I think you are pretty safe to go with it, there might be some lost connections with JMotif, but this can be repaired. (Josh built his code upon SAX, so, I assume, his code is not broken at all, it just need to be connected by fixing syntax of calls to evolved JMotif API. - I really had no time at that point to do that. Sorry.)
Now, personally, I never worked with billions of series since I can't figure out how to handle hundreds of those :). Thus I simply couldn't advise you about on what is better, but to some extend could point some information: SAX-based methods are not exact, iSAX, in my opinion, approximating things up even more, so it becomes possible to tackle really large data. Thus you have to make decision on your own - if you can afford to loose some of the good results and willing to deal with false positives.
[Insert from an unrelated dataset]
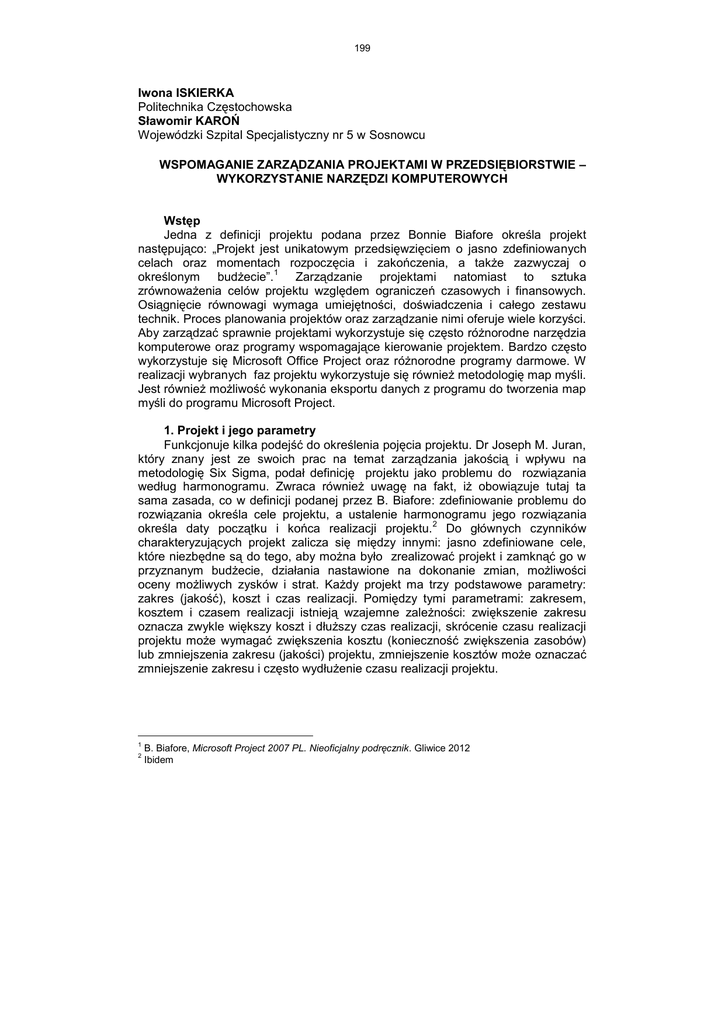 199 Iwona ISKIERKA Politechnika Częstochowska Sławomir KAROŃ Wojewódzki Szpital Specjalistyczny nr 5 w Sosnowcu WSPOMAGANIE ZARZĄDZANIA PROJEKTAMI W PRZEDSIĘBIORSTWIE – WYKORZYSTANIE NARZĘDZI KOMPUTEROWYCH Wstęp Jedna z definicji projektu podana przez Bonnie Biafore określa projekt następująco: „Projekt jest unikatowym przedsięwzięciem o jasno zdefiniowanych celach oraz momentach rozpoczęcia i zakończenia, a także zazwyczaj o 1 określonym budżecie”. Zarządzanie projektami natomiast to sztuka zrównoważenia celów projektu względem ograniczeń czasowych i finansowych. Osiągnięcie równowagi wymaga umiejętności, doświadczenia i całego zestawu technik. Proces planowania projektów oraz zarządzanie nimi oferuje wiele korzyści. Aby zarządzać sprawnie projektami wykorzystuje się często różnorodne narzędzia komputerowe oraz programy wspomagające kierowanie projektem. Bardzo często wykorzystuje się Microsoft Office Project oraz różnorodne programy darmowe. W realizacji wybranych faz projektu wykorzystuje się również metodologię map myśli. Jest również możliwość wykonania eksportu danych z programu do tworzenia map myśli do programu Microsoft Project. 1. Projekt i jego parametry Funkcjonuje kilka podejść do określenia pojęcia projektu. Dr Joseph M. Juran, który znany jest ze swoich prac na temat zarządzania jakością i wpływu na metodologię Six Sigma, podał definicję projektu jako problemu do rozwiązania według harmonogramu. Zwraca również uwagę na fakt, iż obowiązuje tutaj ta sama zasada, co w definicji podanej przez B. Biafore: zdefiniowanie problemu do rozwiązania określa cele projektu, a ustalenie harmonogramu jego rozwiązania 2 określa daty początku i końca realizacji projektu. Do głównych czynników charakteryzujących projekt zalicza się między innymi: jasno zdefiniowane cele, które niezbędne są do tego, aby można było zrealizować projekt i zamknąć go w przyznanym budżecie, działania nastawione na dokonanie zmian, możliwości oceny możliwych zysków i strat. Każdy projekt ma trzy podstawowe parametry: zakres (jakość), koszt i czas realizacji. Pomiędzy tymi parametrami: zakresem, kosztem i czasem realizacji istnieją wzajemne zależności: zwiększenie zakresu oznacza zwykle większy koszt i dłuższy czas realizacji, skrócenie czasu realizacji projektu może wymagać zwiększenia kosztu (konieczność zwiększenia zasobów) lub zmniejszenia zakresu (jakości) projektu, zmniejszenie kosztów może oznaczać zmniejszenie zakresu i często wydłużenie czasu realizacji projektu. 1 2 B. Biafore, Microsoft Project 2007 PL. Nieoficjalny podręcznik. Gliwice 2012 Ibidem 200 Rysunek nr 1: Parametry projektu Źródło: Opracowanie własne na podstawie 3 2. Zarządzanie projektami – środowisko pracy programu Microsoft Project 2010 Nie ma tylko jednej metody zarządzania projektami, ale większość istniejących metodologii zawiera następujące pięć faz: rozpoczęcie, planowanie, realizacja projektu, sprawowanie kontroli nad realizacją projektu oraz zakończenie. Pierwszą fazą w procesie zarządzania projektami jest rozpoczęcie. Rozpoczęcie nazywane jest często inicjalizacją. W tej fazie projekt jest przygotowywany do udanej realizacji. Wymaga to przemyślenia odpowiedzi na pytania związane z celowością realizacji projektu i jego zrealizowaniem w ustalonym czasie. Jest to także etap w którym identyfikuje się interesariuszy projektu i precyzuje jego cele. W tej fazie istotną sprawą również jest przemyślenie zabiegów, które będą miały na celu zgromadzenie poparcia dla projektu. Następną istotną fazą w procesie zarządzania projektami jest planowanie. Jest to szczególnie ważny etap, ponieważ na tym etapie opracowuje się szczegółową specyfikację projektu. Chodzi głównie o opracowanie celów do osiągnięcia, prac do zrealizowania, wskazanie wykonawców prac, czasu wykonania prac i całkowitego kosztu realizacji projektu. Na tym etapie ustalane są również zasady współpracy. Chodzi również o wypracowanie sposobów komunikacji pomiędzy członkami zespołu, sposobów zatwierdzania prac oraz sposobów zarządzania ryzykiem i zmianami. Najdłuższym etapem zarządzania projektem jest realizacja projektu nazywana również wykonaniem. Ważne zadanie na tym etapie realizuje menedżer projektu, sprawuje on kontrolę nad realizacją projektu. Upewnia się czy członkowie zespołu pracują we właściwym czasie nad realizacją odpowiednich elementów planu. Końcową fazą w zarządzaniu projektem jest faza zakończenia. Można o niej mówić wtedy, gdy menedżer projektu przedkłada kompletny projekt do zatwierdzenia jako zrealizowany. 3 Ibidem 201 Aby zarządzać sprawnie projektami wykorzystuje się często efektywne narzędzie wspomagające kierowanie projektem. Takim narzędziem jest Microsoft Office Project 2010. Aplikacja ta ułatwia pracę kierownika projektu na każdym etapie – od definiowania projektu i zadań, poprzez przydzielanie zasobów, aż do analizy powykonawczej. Aplikacja udostępnia użytkownikom bogaty zestaw narzędzi do zarządzania projektami. Praca z MS Project przebiega w kilku etapach: planowanie projektu, dopracowanie projektu, rozpowszechnianie informacji o stanie projektu, analiza postępu prac oraz rozpowszechnianie informacji o stanie projektu. Rysunek nr 2: Środowisko pracy programu Microsoft Project 2010 Źródło: Opracowanie własne Przy pierwszym uruchomieniu programu, domyślnym widokiem jest plansza o nazwie Wykres Gantta. Jest to jedna z wielu plansz, z której użytkownik może korzystać w trakcie układania harmonogramu, a później w czasie kontroli realizacji projektu. W trakcie pracy z programem użytkownik będzie musiał przełączać się pomiędzy różnymi widokami, ponieważ wszystkie dane zgromadzone na jednym ekranie, stałyby się nieczytelne. Najczęściej stosowane widoki można znaleźć na pasku widok

I use SAX to convert timeseries from long real-valued time series of numbers into a dictionary (corpus) of SAX words (terms), then I use tf*idf to build a vector space which, in turn, is used for classification and knowledge discovery (I am after this knowledge - so I can't afford loosing something or getting wrong answers). Within last months I pushed a lot of changes making this possible. In oncoming time, I plan to settle down with codebase, boost test coverage, remove excessive dependencies, organize API of JMotif and "mavenize" the build. I hope to release 1.0 _stable_ version. We have some plans of bringing in Sequitur and n-Grams language models, but there is no one working on high-throughput end - i.e. iSAX. If you would be able to make it running by connecting code back to JMotif, I think you will be better with us in your experimentation than with old codebase.